MATERIAL TO PROCESS:
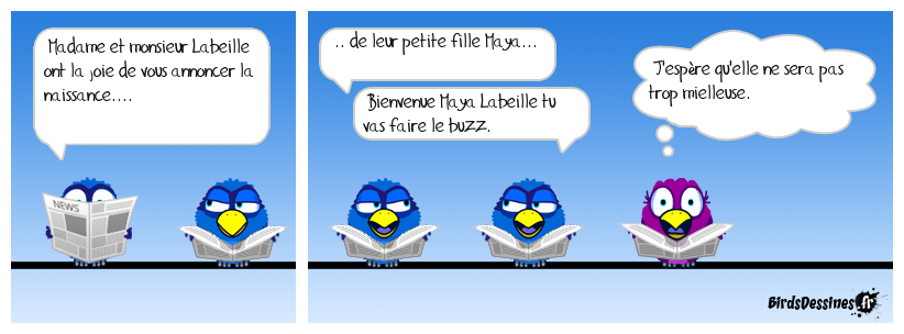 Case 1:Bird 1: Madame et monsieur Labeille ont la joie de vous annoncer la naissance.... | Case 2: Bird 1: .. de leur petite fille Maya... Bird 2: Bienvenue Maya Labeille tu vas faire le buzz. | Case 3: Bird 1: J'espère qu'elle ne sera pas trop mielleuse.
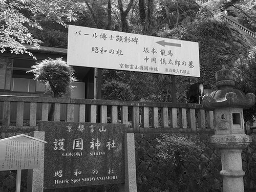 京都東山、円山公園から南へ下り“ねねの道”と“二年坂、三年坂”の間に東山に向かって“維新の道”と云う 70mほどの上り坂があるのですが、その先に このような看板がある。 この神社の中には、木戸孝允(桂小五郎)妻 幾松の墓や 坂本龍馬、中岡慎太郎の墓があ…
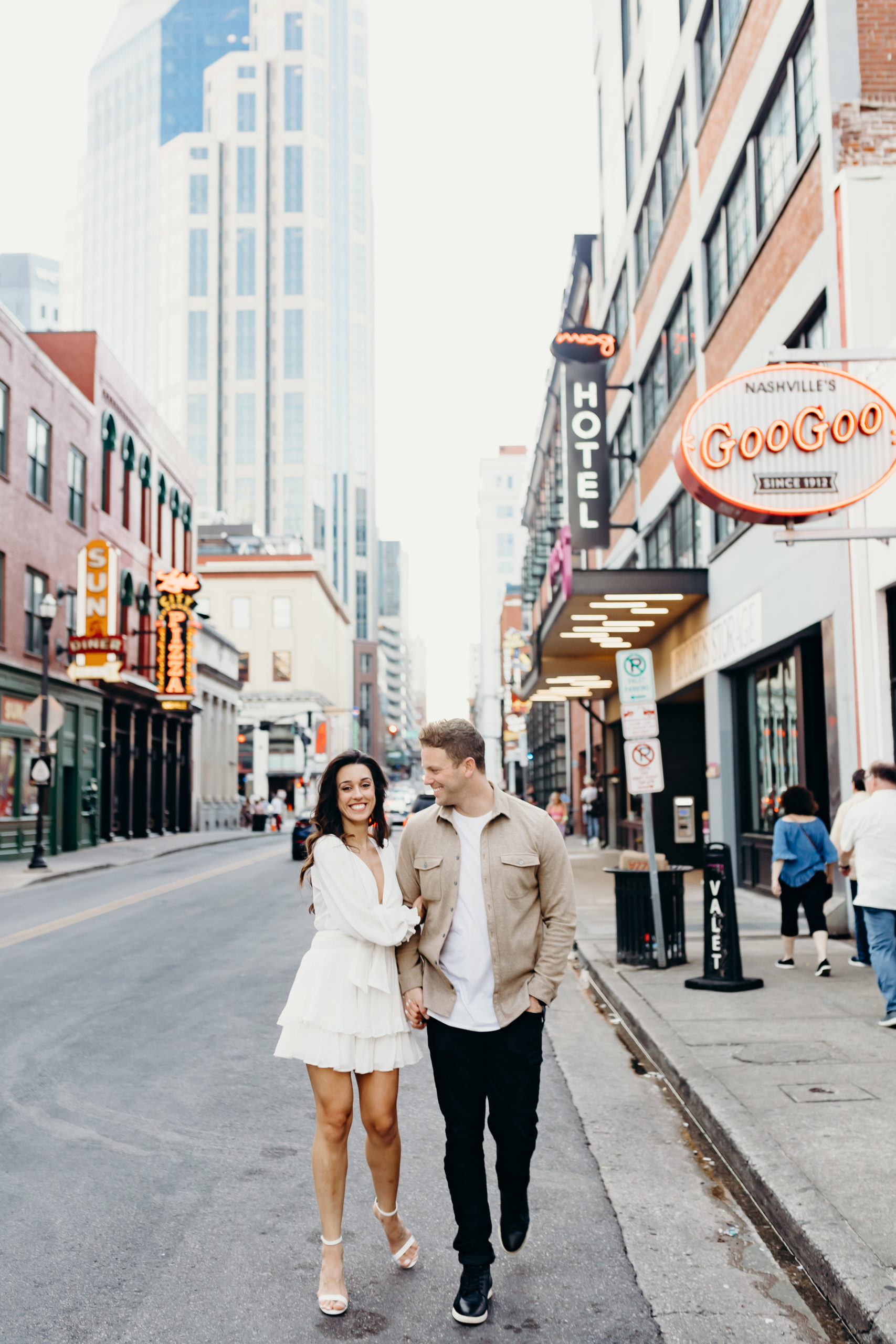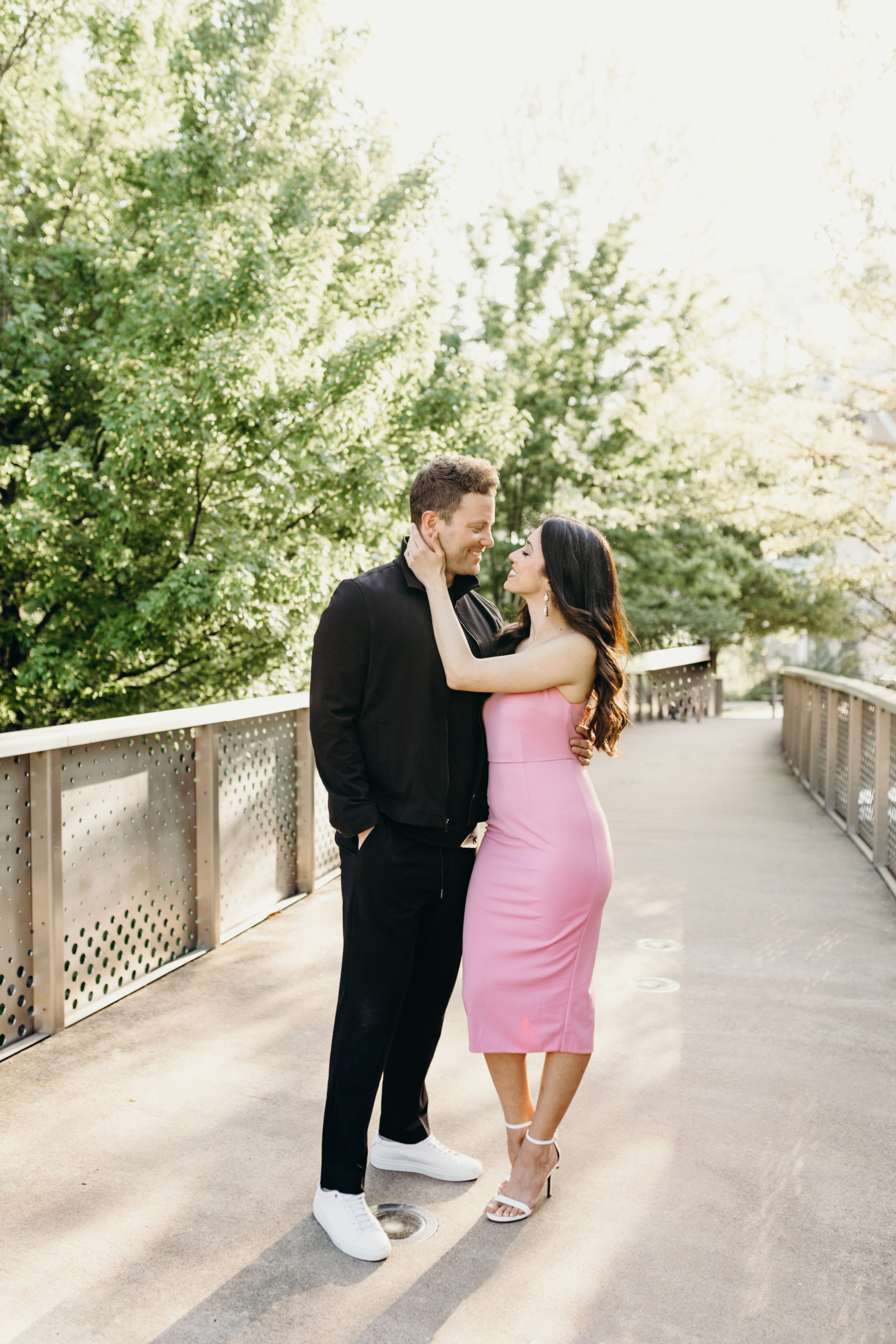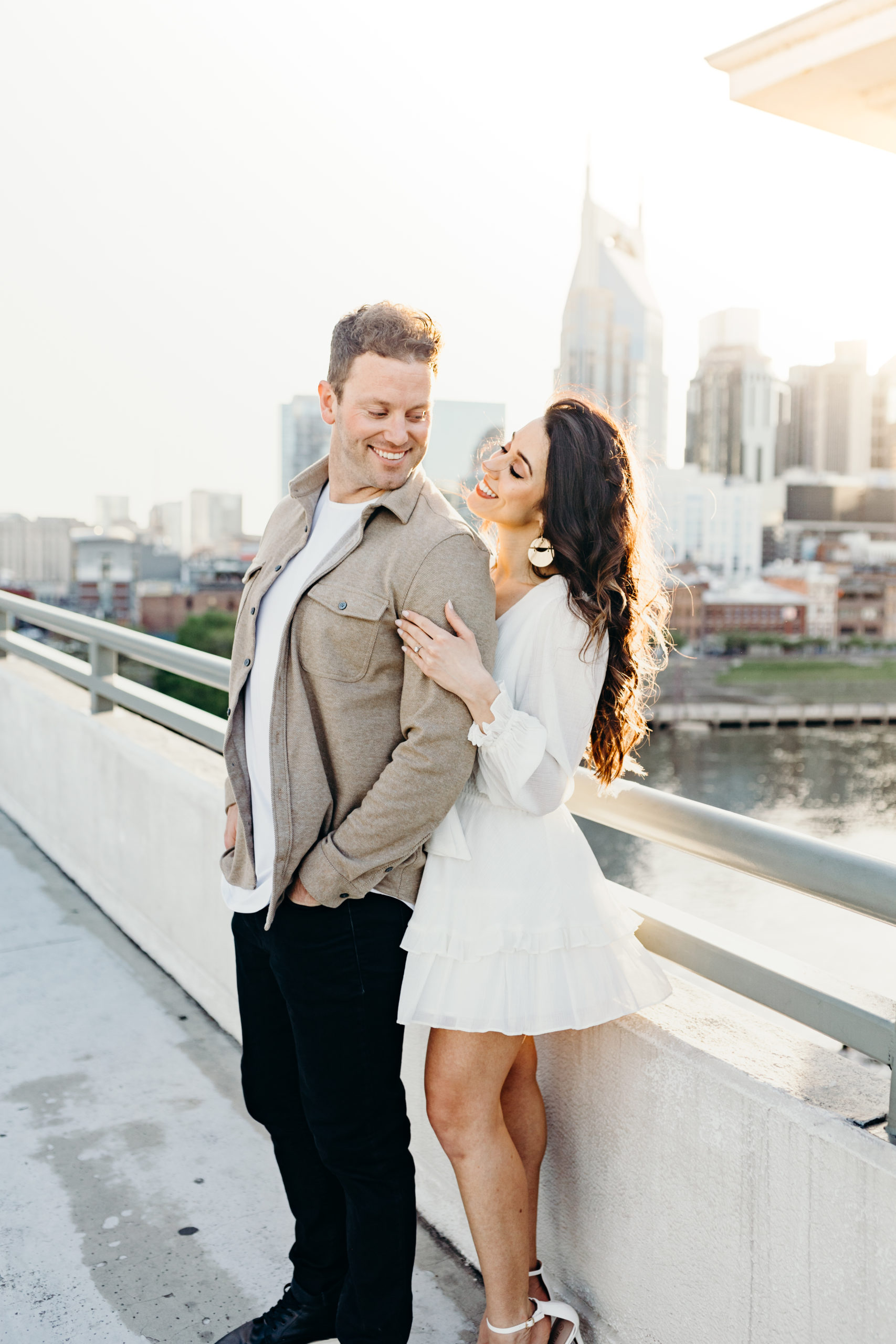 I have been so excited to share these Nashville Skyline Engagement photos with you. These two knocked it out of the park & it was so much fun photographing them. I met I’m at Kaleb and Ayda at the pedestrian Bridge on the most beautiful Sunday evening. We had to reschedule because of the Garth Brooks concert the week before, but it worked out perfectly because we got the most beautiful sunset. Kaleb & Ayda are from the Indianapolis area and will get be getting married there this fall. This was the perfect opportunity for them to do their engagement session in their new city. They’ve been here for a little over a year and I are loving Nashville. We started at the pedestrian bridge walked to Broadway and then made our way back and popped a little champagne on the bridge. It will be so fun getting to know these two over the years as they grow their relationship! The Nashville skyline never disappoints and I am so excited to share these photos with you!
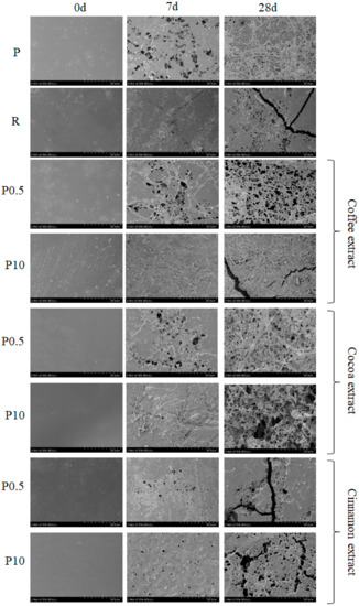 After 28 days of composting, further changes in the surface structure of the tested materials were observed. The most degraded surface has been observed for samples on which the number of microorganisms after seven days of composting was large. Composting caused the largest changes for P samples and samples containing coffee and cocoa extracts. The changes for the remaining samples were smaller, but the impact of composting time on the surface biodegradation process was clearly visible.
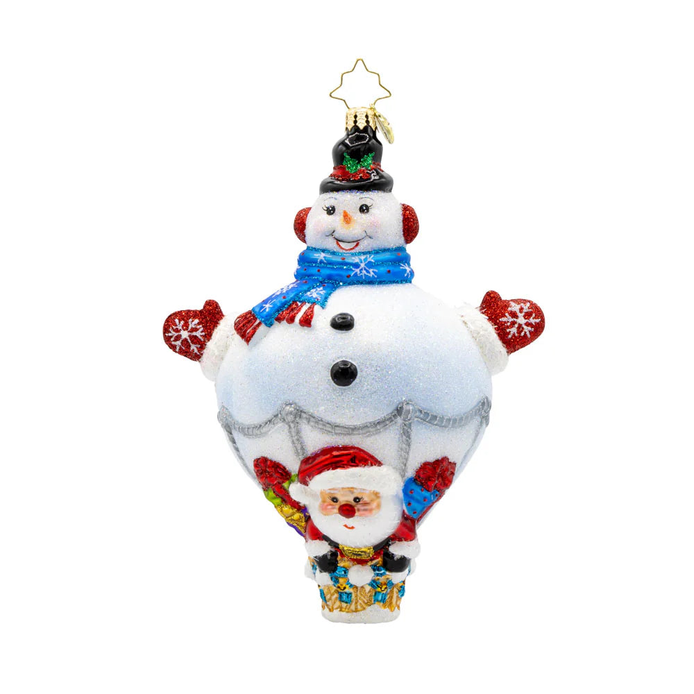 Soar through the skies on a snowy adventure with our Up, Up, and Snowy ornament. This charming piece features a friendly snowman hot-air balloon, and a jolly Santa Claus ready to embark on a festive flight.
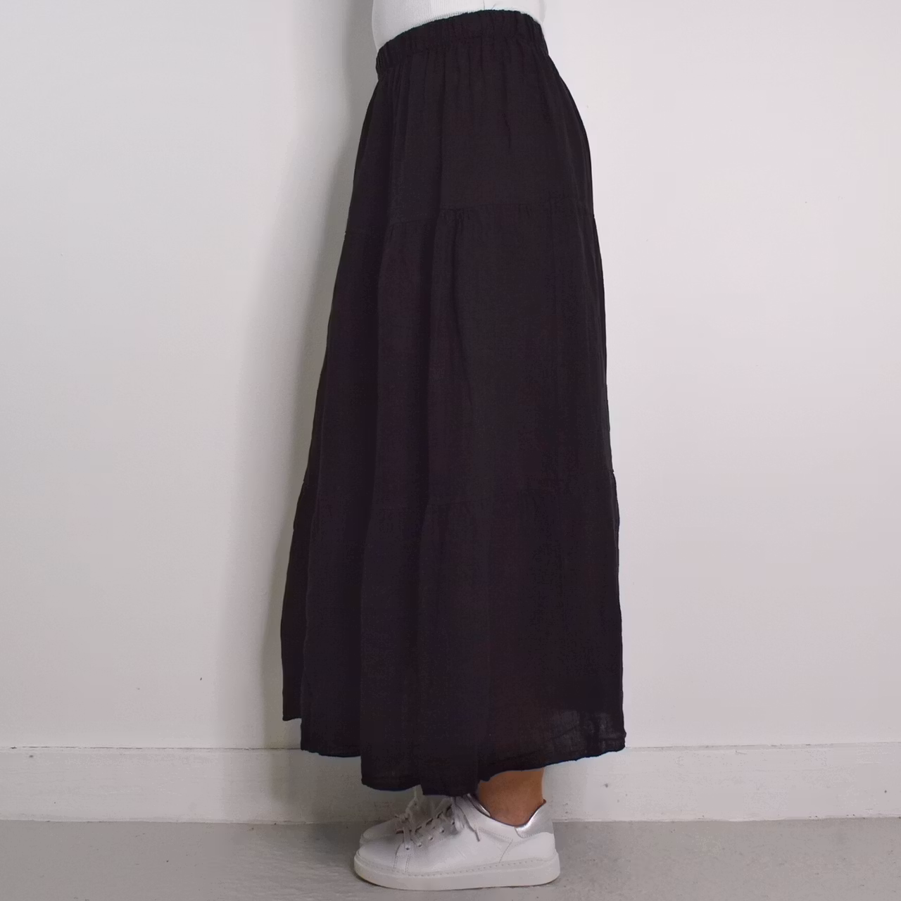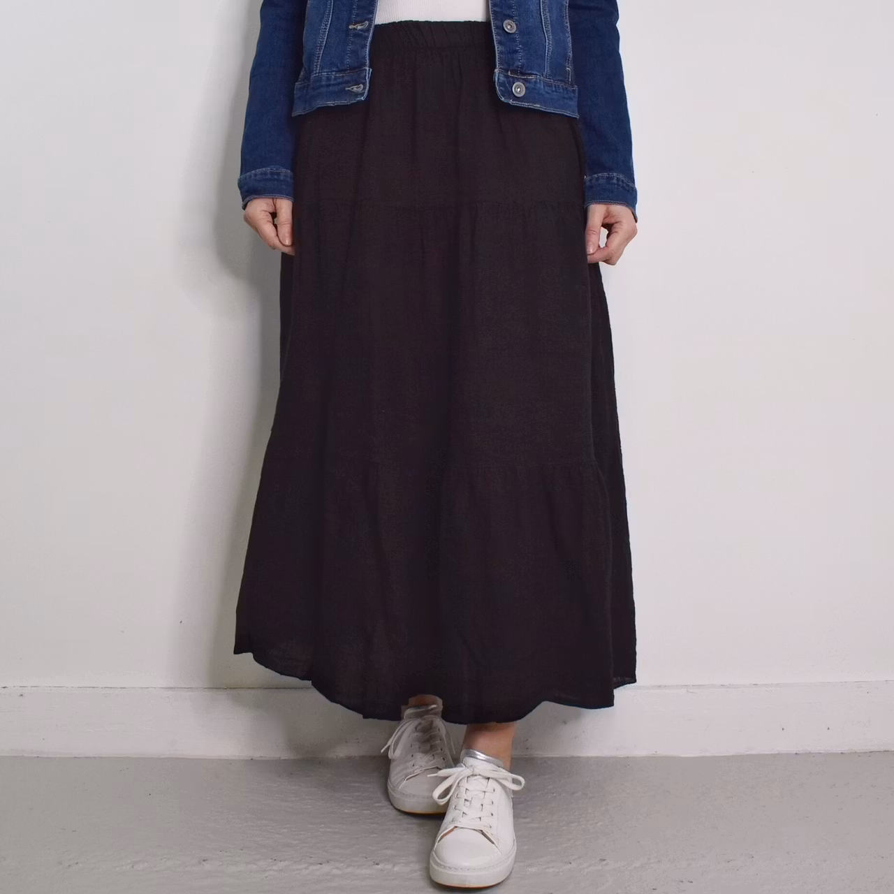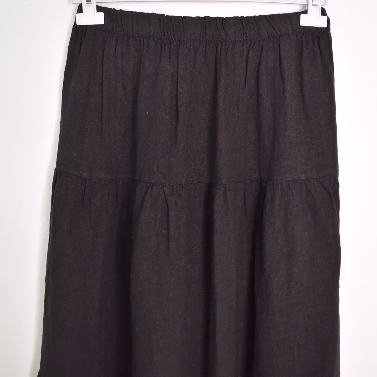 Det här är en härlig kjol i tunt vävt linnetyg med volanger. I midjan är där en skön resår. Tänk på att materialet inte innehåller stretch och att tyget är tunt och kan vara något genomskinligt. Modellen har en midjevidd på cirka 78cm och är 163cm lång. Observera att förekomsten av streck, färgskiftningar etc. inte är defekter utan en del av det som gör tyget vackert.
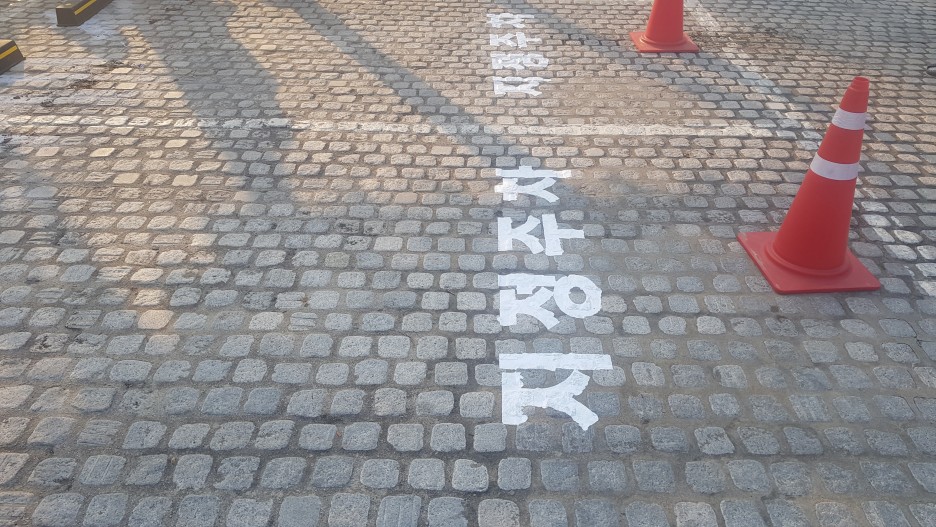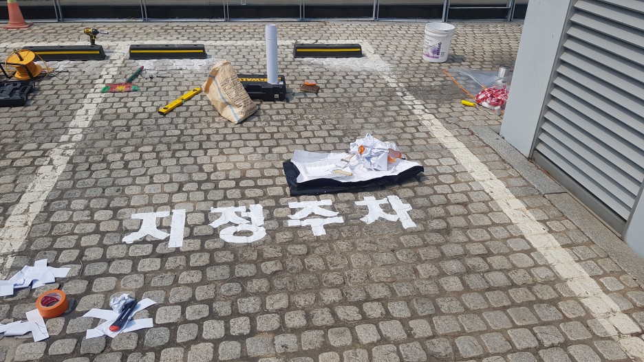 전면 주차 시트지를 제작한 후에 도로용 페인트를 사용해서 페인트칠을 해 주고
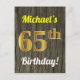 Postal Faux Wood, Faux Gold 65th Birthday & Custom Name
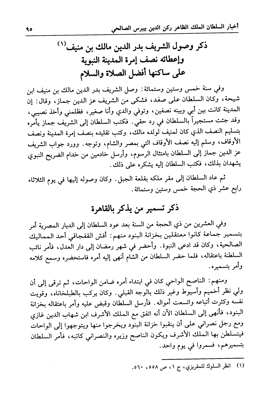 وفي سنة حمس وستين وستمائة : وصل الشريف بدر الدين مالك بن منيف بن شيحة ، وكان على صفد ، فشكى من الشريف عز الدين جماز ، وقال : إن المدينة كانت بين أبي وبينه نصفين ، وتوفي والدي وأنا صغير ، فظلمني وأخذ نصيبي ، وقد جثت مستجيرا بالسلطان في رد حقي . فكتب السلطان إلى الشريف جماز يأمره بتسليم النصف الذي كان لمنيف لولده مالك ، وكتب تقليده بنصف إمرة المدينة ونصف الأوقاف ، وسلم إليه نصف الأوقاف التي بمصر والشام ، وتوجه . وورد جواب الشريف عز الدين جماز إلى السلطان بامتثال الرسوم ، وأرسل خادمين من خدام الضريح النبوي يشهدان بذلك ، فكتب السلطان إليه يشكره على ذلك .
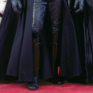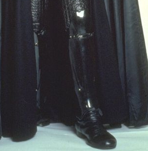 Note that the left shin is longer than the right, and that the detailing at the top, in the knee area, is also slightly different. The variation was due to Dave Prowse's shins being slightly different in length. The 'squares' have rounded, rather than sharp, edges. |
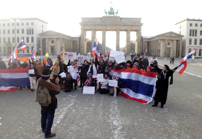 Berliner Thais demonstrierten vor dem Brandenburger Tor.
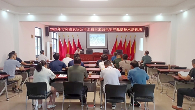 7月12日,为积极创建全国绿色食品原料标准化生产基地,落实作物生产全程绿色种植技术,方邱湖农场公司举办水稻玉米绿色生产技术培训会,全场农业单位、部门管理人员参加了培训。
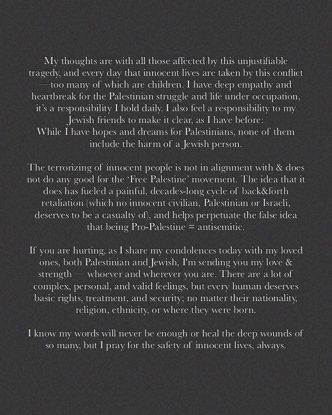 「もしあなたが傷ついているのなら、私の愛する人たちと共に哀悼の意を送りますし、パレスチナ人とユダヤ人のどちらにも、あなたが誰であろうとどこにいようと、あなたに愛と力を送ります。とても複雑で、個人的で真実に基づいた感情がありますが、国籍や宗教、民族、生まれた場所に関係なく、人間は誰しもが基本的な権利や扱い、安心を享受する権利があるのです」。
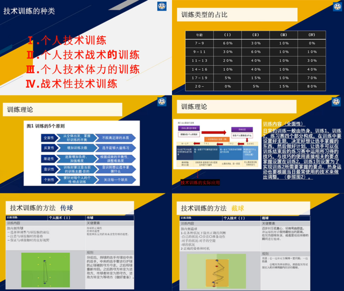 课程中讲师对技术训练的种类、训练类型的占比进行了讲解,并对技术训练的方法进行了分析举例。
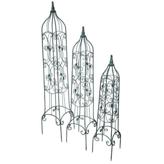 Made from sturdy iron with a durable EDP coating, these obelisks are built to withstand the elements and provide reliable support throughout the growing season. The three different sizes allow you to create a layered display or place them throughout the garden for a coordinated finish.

EXERCISE DESCRIPTION: Output only the lines from the start of the data through the line that holds "この神社の中には、木戸孝允(桂小五郎)妻 幾松の墓や 坂本龍馬、中岡慎太郎の墓があ…". Keep them exact and leave the pictures out.

SOLUTION:
 Case 1:Bird 1: Madame et monsieur Labeille ont la joie de vous annoncer la naissance.... | Case 2: Bird 1: .. de leur petite fille Maya... Bird 2: Bienvenue Maya Labeille tu vas faire le buzz. | Case 3: Bird 1: J'espère qu'elle ne sera pas trop mielleuse.
 京都東山、円山公園から南へ下り“ねねの道”と“二年坂、三年坂”の間に東山に向かって“維新の道”と云う 70mほどの上り坂があるのですが、その先に このような看板がある。 この神社の中には、木戸孝允(桂小五郎)妻 幾松の墓や 坂本龍馬、中岡慎太郎の墓があ…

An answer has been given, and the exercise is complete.